On the other hand, management sometimes takes this too far and becomes what are commonly called “bean counters”. They are the people like Dunlap who don’t think about product, customer service or ensuring there are sufficient resources in the business to make it work. “We need to get rid of so many people” which means that a specified number get the pink slip. Next day, a customer walks into the shop and there is no one to serve them and so they walk out again.

 

This means that decisions not to spend have to be scrutinised as seriously as decisions to spend. “By retaining this money will the return on investment be greater than if I spend the money?” Bean counters are often unable to make that call. Sunbeam cut its IT department with the result that staff had to revert to manual invoicing.

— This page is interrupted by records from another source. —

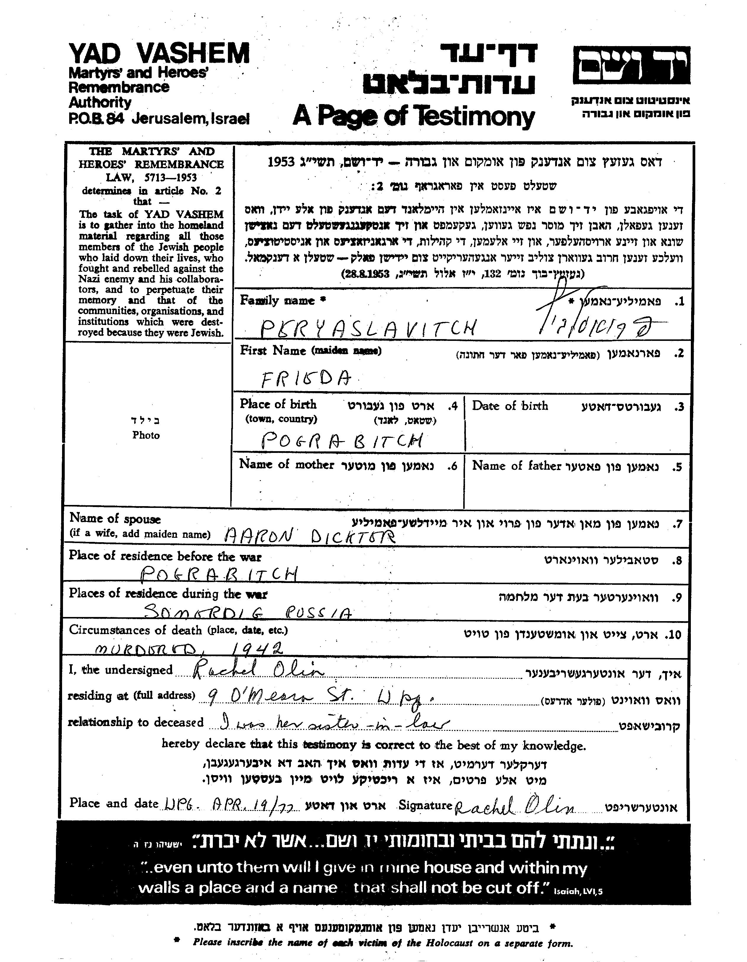 Frieda Dickter, geb. Peryaslavitch wurde in Pogrebisce, Ukraine (UdSSR) geboren. Sie war mit Aaron Verheiratet. Vor dem Zweiten Weltkrieg lebte sie in Pogrebisce, Ukraine (UdSSR). Während des Krieges war sie in Somordig.
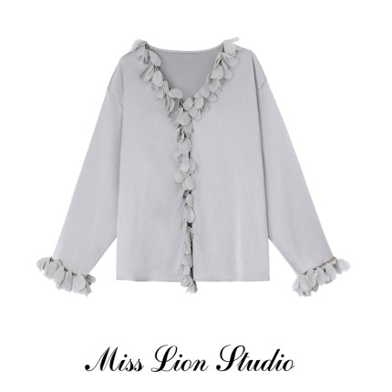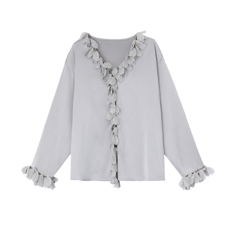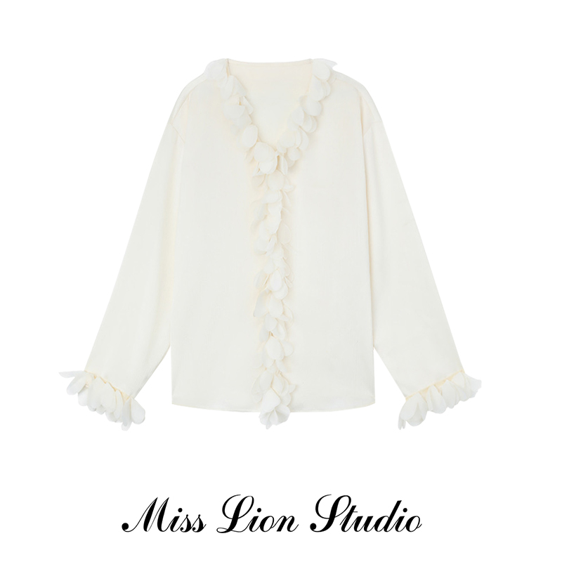 高级感花边V领法式上衣女2024秋季设计宽松气质百搭垂感长袖衬衫
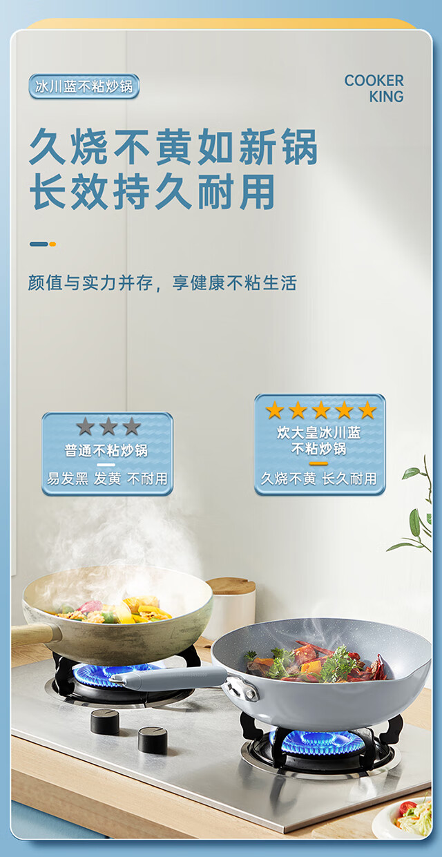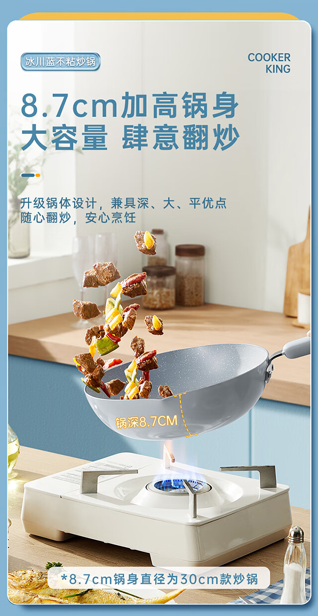 炊大皇 冰川蓝不粘炒锅28cm CG28BC
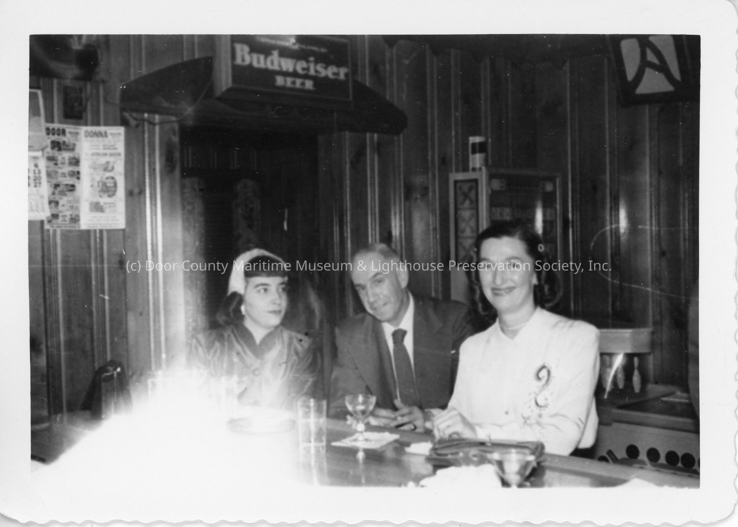 Colorless photograph of Navy Office Party. Mary Jane Choudoir, Ray Schmitz, and Gertrude Schmitz at the bar.Location
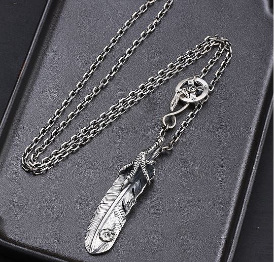 フェザー シルバー ネックレス (チェーン付き) 羽根 ペンダント シルバー925 メンズ 羽 ネイ・・・
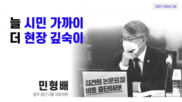 21일 민형배 의원실에 따르면 이번 의정보고회는 ‘늘 시민 가까이, 더 현장 깊숙이’를 주제로 진행되며 지난 3년 동안의 의정과 ‘정무위·법사위·교육위’ 활동의 성과를 지역민들과 공유하는 자리다.
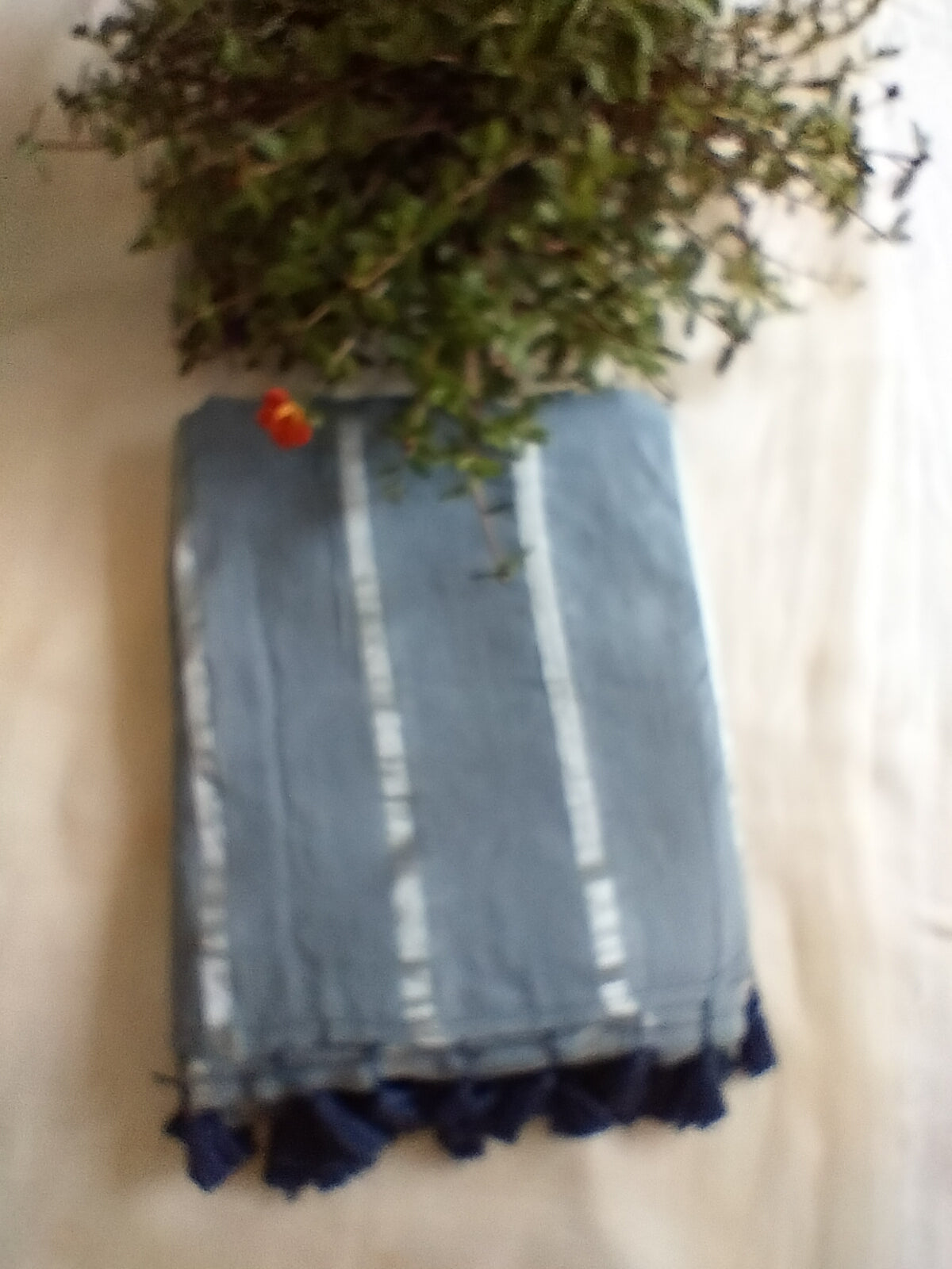 Elevate your ethnic wardrobe with this elegant Grey Mul Cotton Saree, designed for comfort and grace. Crafted from soft mulmul cotton, this saree feels feather-light on the skin, making it perfect for long hours of wear. The subtle grey base is beautifully highlighted with delicate silver zari stripes and tassel details, giving it a touch of sophistication.
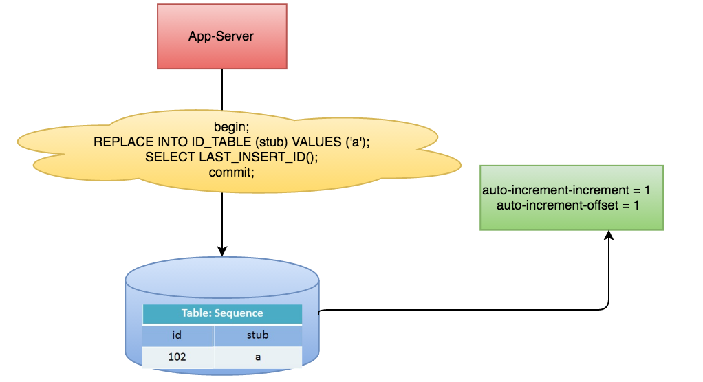 auto_increment_increment和auto_increment_offset来保证ID自增,每次业务使用下列SQL读写MySQL得到ID号。
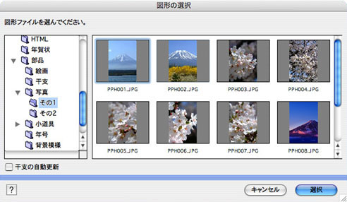 目的の画像をクリックし、[選択]ボタンをクリックします。![]() |

The results were chaotic and caused serious customer defection.

 

In good times, there is a tendency to take the eye off the outgoing cash in the belief that there is plenty more from where it came. Cash is the same in good times as in bad and the question always should be “is spending this money a wise investment or, if I don’t spend the money, will that be a good or bad investment”.

 

Too often, financial decisions are made without consideration of the essential transaction in which a business participates, which is the delivery of a benefit to a customer for a price. As a result, product integrity often takes second place to financial reporting; ultimately, as we discovered with Sunbeam and a host of other bankrupt companies, with catastrophic results.

 

If a business has neglected its financial management in good times and is looking at a terrible hole when things have turned bad, it is unlikely that banks will lend a hand. Rather, they will want to get paid before something terrible happens. Most companies can’t go to the government for a bail out, and things look pretty desperate. This is the time when a decision has to be made to surrender so that you can fight another day or to dig deep and hold on.

 

That is when you go back to the graphs. It is something that Dunlap should have done when he first walked into Sunbeam. Do the graphs indicate that your product is the ants pants, or are you just one of many who, with a bit of luck and the wind behind the economy have been lucky to make some money? Is there something really, really special about your product that people love.

 

Have you built a brand so that people will say, if you want to buy a fixit, “you have to go to so and so”? If you have something special and people love it and will keep buying it, albeit in smaller numbers, that is the time to sit down with your banks, accountants and customers (who are often investors themselves) and come up with a plan to survive and come out the other end with a decent business.

 

However, if you have been deceiving yourself and running the business as though it were an accounting machine with no relation to product integrity and the benefits conferred on your customer, then perhaps the best thing is to cut your losses and hope to start again with a business that does confer enduring benefits on customers.

 

Finally, if owners and managers have creamed the company, as in the case of the big banks, then the time is to put it back into the company after developing a survival plan. If, on the other hand, the money has gone to the airlines, travel agents, Mercedes Benz dealers and the like, then it is going to be tough to make a comeback.

 

Wherever you are in the business cycle, you have to envisage the necessity to survive, and no accounting tricks will secure sustainable survival. Only customers will do that, and if they desert you in droves in a downturn and you haven’t kept some money in the tin in the good times, survival will be difficult.